きっとヘレナさんは、あのとき身を切るような思いで決断したのだ。
穏やかに笑いながら、私を励ましながら。
その気持ちを思うと、涙が止まらなかった。
自分がどれほど無神経だったのかと思うと、それでもまた涙が出た。
私は、いろんな人に支えられて生きている。
皆のおかげで、今の穏やかな暮らしが成り立っている。
そのことが胸にしみて仕方がなかった。
出産してすぐの頃、お義父様がヴィオスさん夫妻へ手紙を送った。
公的な文面はお義父様が記し、私は個人的なお礼として、便箋を一枚添えさせてもらった。
そのときに、ローランドの出産報告とともに、ヘレナさんへの感謝の気持ちを書いた。
でも、あの頃の私は、分かっていなかった。
生まれたばかりの赤ちゃんはもちろん可愛い。
けれど、親子の愛情というのは、時間をかけて育っていくものだ。
一歳になったローランドへの愛情は、産まれたばかりの頃とは比べ物にならないほど強く、大きくなっていた。
きっとヘレナさんも、ノラン君に対して同じだったに違いない。
そのうえで、それでも「養子に出す」と言ってくれた。
その覚悟と辛さは、計り知れない。
――今の自分の言葉で、お礼を伝えたい。
自己満足かもしれないし、今さら送る必要のない手紙なのかもしれない。
もしかしたらヘレナさんを不快にさせてしまうかもしれない。
それでも私は、あのときの思いと、今の感謝を込めて、ヘレナさんに手紙を書いた。
ほどなくして返事が届き、そこにはあたたかな言葉が綴られていた。
そして最後に、こう締めくくられていた。
『ローランド様の名に、あなたがノランとアランの想いを重ねてくださったと知り、胸が熱くなりました。
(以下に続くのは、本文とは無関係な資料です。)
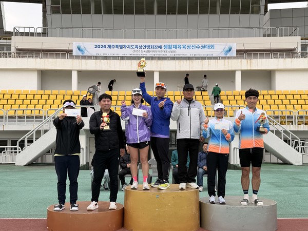 24일 제주도 육상계에 따르면 지난 22일 제주종합경기장 주경기장에서 열린 ‘2026 제주특별자치도육상연맹회장배 전도마스터즈육상선수권대회 겸 전국생활대축전 제주대표 선발전’에서 달리기제주인클럽은 금메달 22개, 은메달 12개, 동메달 11개 등 모두 45개의 메달을 쓸어 담으며 압도적인 종합 1위를 차지했다.
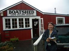 Once we arrived in Rawene, we headed straight for the Boatshed, which Steve had recommended, for a bit of coffee and a break. The quaint and cozy little cafe, which is perched on stilts directly over the water of the bay, makes all of its baked goods on the premises, and even as we were sitting there, the owner was busy making pizza dough and foccacia (to the tune of an Arrested Development CD). We took along with us two fantastic slices of salami and olive pizza, to be savored later in the car.
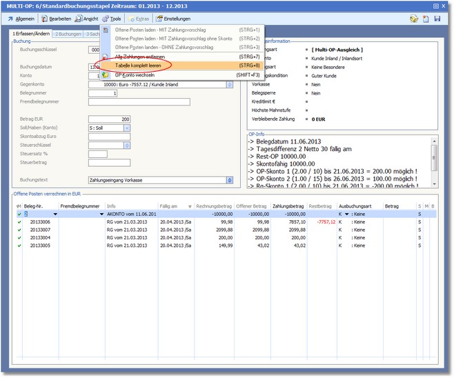 7. In der Buchungserfassung geben Sie nun den Zahlungseingang über den Multi-OP-Ausgleich ein. Aufgrund der Einstellungen im Firmenstamm werden alle OP´s in der Tabelle geladen.
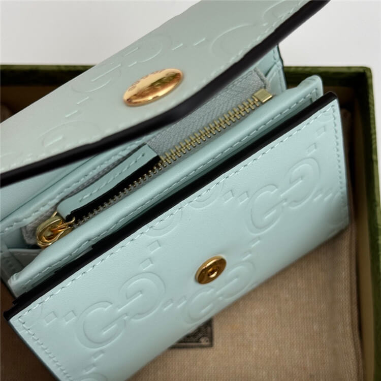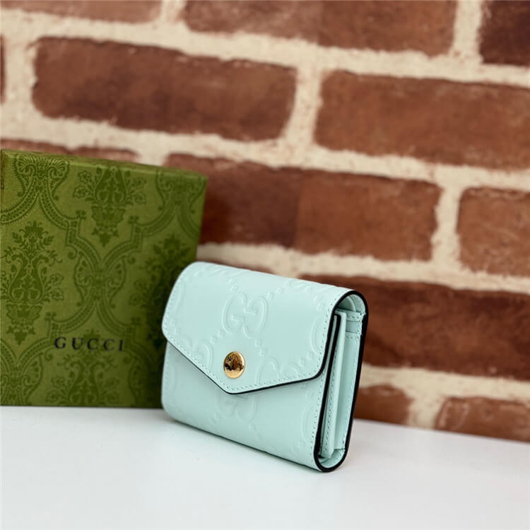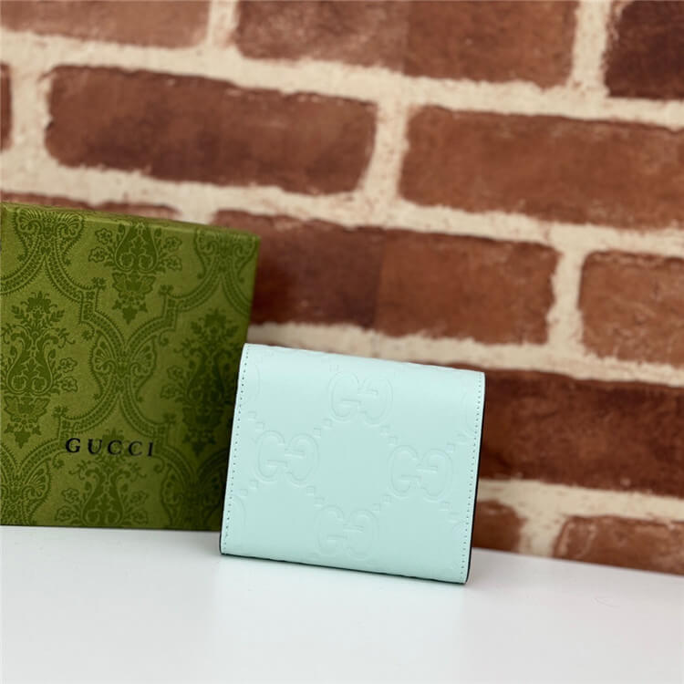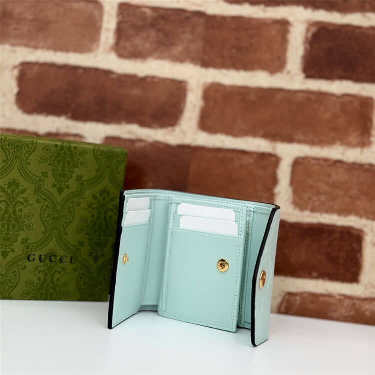 1:1 Mirror QualityReplica Gucci GG Medium WalletStyle:772793 AAC1Q 3401Pale green GG leatherMoiré liningInside: 4 card slots, 1 zip pocket and1 bill compartmentDouble snap button closureOpen: 9.6″W x 4.3″HClosed: 4.3″W x 3.7″H x 1.2″D
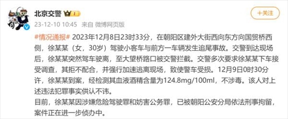 ·北京交警通報(bào):一女子醉駕肇事逃逸并撞壞警車(chē),已被刑拘。
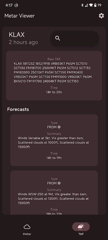 Metar Viewer é um aplicativo meteorológico de aviação projetado para ser simples e fazer seu trabalho: fornecer informações precisas e legíveis de METAR, TAF e aeroporto.
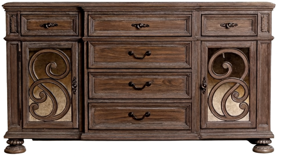 Beautiful wood inlay details create a grand statement with elegance galore. The mirror panels provide a stunning contrast against the rustic natural tone finish for a look that is as intricate as it is chic.Read More
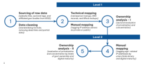 These data were gathered from the portal between May and June 2025, after which we conducted a nameserver lookup and a domain name server (DNS) mapping exercise for each of the websites. The IP address(es) acquired through these mappings were then processed through ‘WhoIs’ commands, which led us to access key details about the owner of the IP block to which these addresses belong. It is this final detail that gives us an insight into the service provider, private or public, hosting a particular website. The figure below provides an overview of our research methodology and the two levels of our analysis.
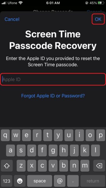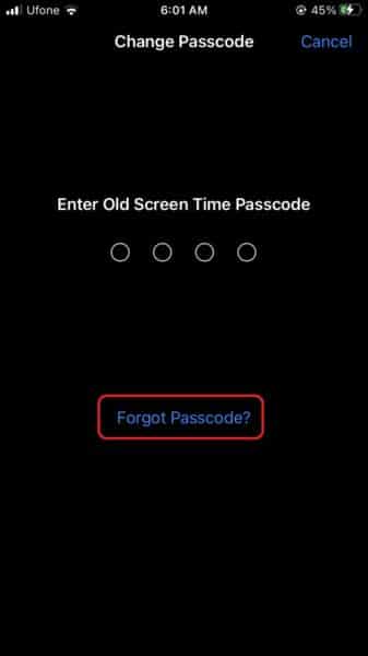 - Το iPhone σας θα σας ζητήσει τώραΕισαγάγετε τον παλιό κωδικό πρόσβασης χρόνου οθόνης.ΠαρακέντησηΞεχάσατε τον κωδικό πρόσβασης;για να το επαναφέρετε.
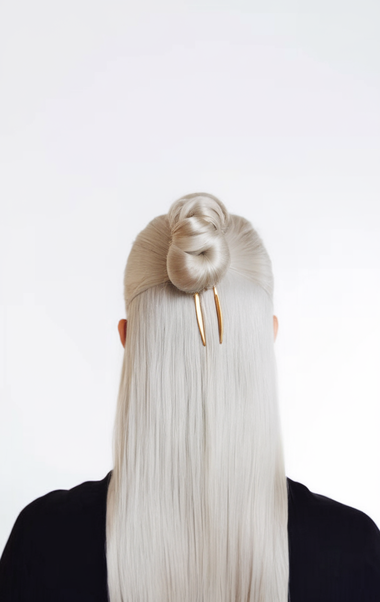 A trendy, modern take on the half-up bun, this spring hairstyle for 2025 is sleek yet stylish. The icy platinum blonde color gives it a bold, fresh appeal, making it one of the best hairstyles for those wanting a statement look. The neatly twisted bun at the back adds sophistication, while the smooth long locks maintain elegance. This easy hairstyle is great for both casual and formal occasions, making it a go-to for women over 30.
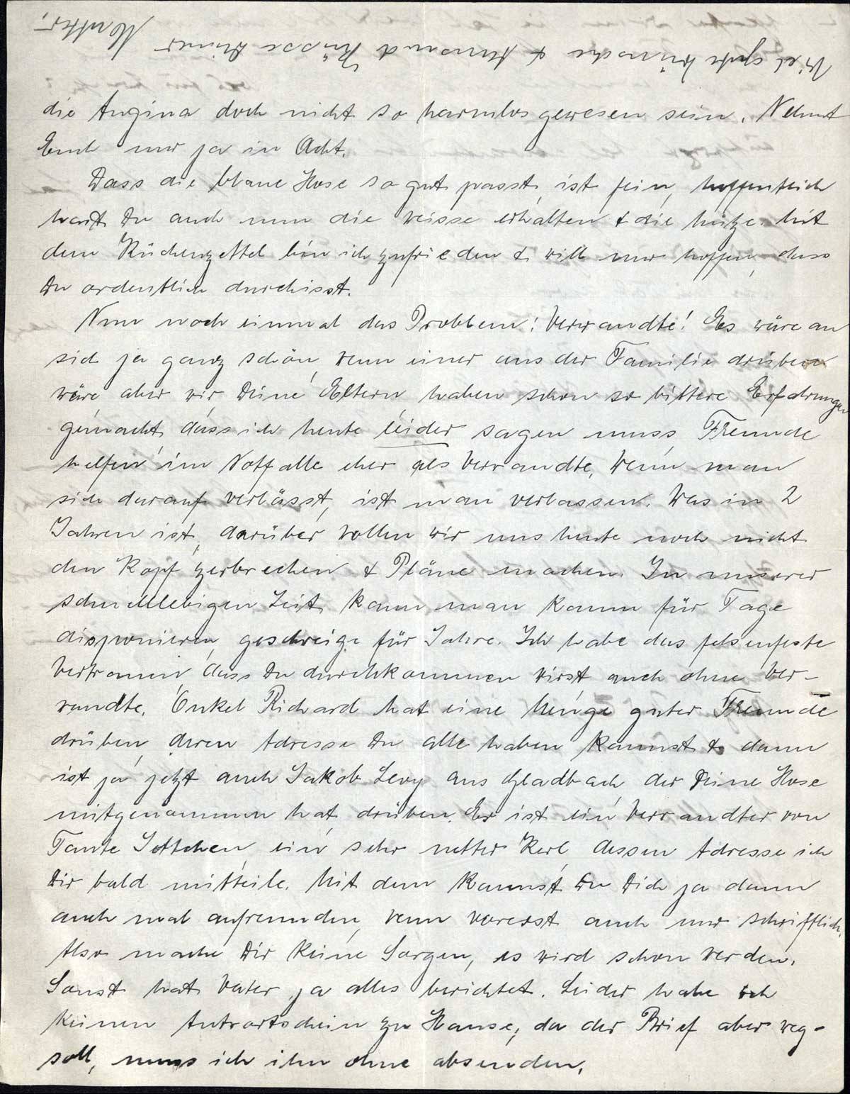Nun noch einmal das Problem: Verwandte! Es wäre an sich ja ganz schön, wenn einer aus der Familie drüben wäre, aber wir, Deine Eltern, haben schon so bittere Erfahrungen gemacht, dass ich heute leider sagen muss, Freunde helfen im Notfalle eher als Verwandte. Wenn man sich darauf verlässt, ist man verlassen. Was in 2 Jahre ist, darüber wollen wir uns heute noch nicht den Kopf zerbrechen & Pläne machen. In unserer schnelllebigen Zeit kann man kaum für Tage disponieren, geschweige für Jahre. Ich habe das felsenfeste Vertrauen, dass Du durchkommen wirst, auch ohne Verwandte. Onkel Richard hat eine Menge guter Freunde drüben, deren Adresse Du alle haben kannst & dann ist ja jetzt auch Jakob Levy aus Gladbach, der Deine Hose mitgenommen hat, drüben. Er ist ein Verwandter von Tante Jettchen, ein sehr netter Kerl, dessen Adresse ich Dir bald mitteile. Mit dem kannst Du Dich ja dann auch mal anfreunden, wenn vorerst auch nur schriftlich. Also mache Dir keine Sorgen, es wird schon werden. Sonst hat Vater ja alles berichtet. Leider habe ich keinen Antwortschein zu Hause; da der Brief aber weg soll, muss ich ihn ohne absenden.
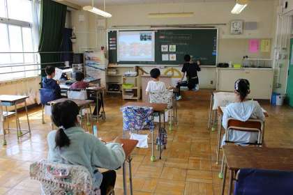 2つのクラスに分かれて「対称な図形」の学習をしています。
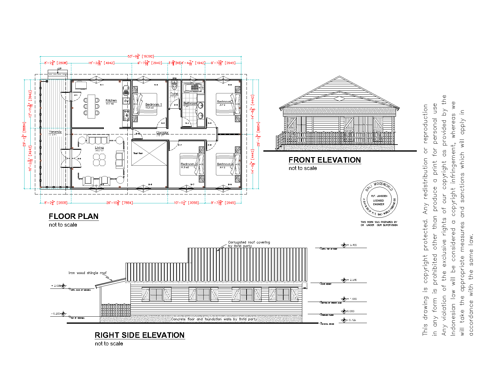 Small unit: (option2) Total net. interior sided area: 84.9 m2 (895 sqft) Building footprint area: 4.90 x 5.38 meter (16' x 17' - 6") Roof edge footprint area: 11.40 x 8.80 meter (37' - 2" x 29' - 1") Veranda: 4.40 x 0.95 meters
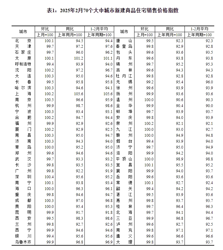 Perubahan harga jualan perumahan komersial di 70 bandar besar dan sederhana pada bulan Februari 2025
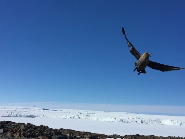 남극의 새 '도둑갈매기'가 나타났다. 펭귄의 알을 훔쳐 먹는 것으로 유명하다. 낯선 이방인을 보고 경계를 하며 정찰 비행을 한다. 부화 시즌이라 예민하다. 기지 근처에 둥지들이 많이 형성되어 있다. 가만히 있었을 뿐인데 노려봤다는 이유로 사납게 달려든다. 깜짝 놀라 눈을 감고 머리를 숙인다. 넓은 물갈퀴의 발로 머리를 치고 간다. '앞으로 잘 지내보자!' 손을 들어 화해의 제스쳐를 취해본다.
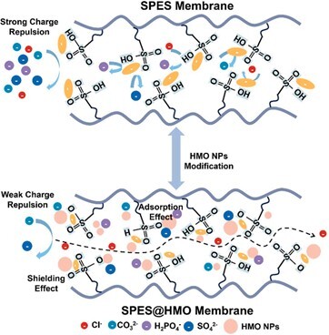 針對上述挑戰(zhàn),中國科學院青海鹽湖研究所離子吸附科學與技術課題組提出了一種氯離子膜“電荷屏蔽效應”設計策略,開發(fā)了一種由磺化聚醚砜(SPES)與水合錳氧化物(HMO)顆粒復合的新型混合基質膜-氯離子吸附膜(SPES@HMO)。該膜利用HMO納米顆粒調控膜界面電荷環(huán)境,從而特異性增強氯離子的傳輸,同時結合競爭吸附機制抑制多價陰離子的通過,為高鹽廢水中氯離子的高精度篩分提供了全新解決方案。

あなたは、人の痛みに寄り添い、その想いを形にできるお方です。
そのお心がある限り、ウィンターガルドの名は、必ずや穏やかに繁栄し続けるでしょう。
どうかご安心ください。
私たちはこれからも――いいえ、より一層の敬愛と忠誠をもって、公爵家にお仕えいたします。
この絆が末永く続きますことを、心より願っております。』
読み終えた瞬間、胸の奥にふっと温かなものが灯った。
怖かったけれど、書いてよかった。
届いたのは返事の文字だけじゃない。
ヘレナさんの想いも、あのときの覚悟も、私への赦しも――全部、この手紙の中にあった。
私の無知や無神経さが、これで帳消しになるわけではない。
これからもきっと間違えるだろうし、誰かを傷つけてしまう日もあるかもしれない。
それでも、思うのだ。
そのたびにきっと、誰かが優しく手を差し伸べてくれる。
私は今までも、そうやってたくさんの人に支えられて生きてきた。
これからもきっと、そうやって生きていくのだろう。
ならば――
これからは、その優しさを周りへ返していきたい。
誰かがつまずいたとき、私もそっと手を伸ばせる人でありたい。
与えられるばかりではなく、自分もまた誰かに与えられる人間になりたい。
そんなことを思いながら、ふと机の上の白紙のノートに目を落とした。
そこには、まだ何も書かれていない未来の物語が眠っていた。
まさか、この成長が後にBL同人誌制作へと繋がるとは……
この時のナタリーは、まだ知る由もなかった。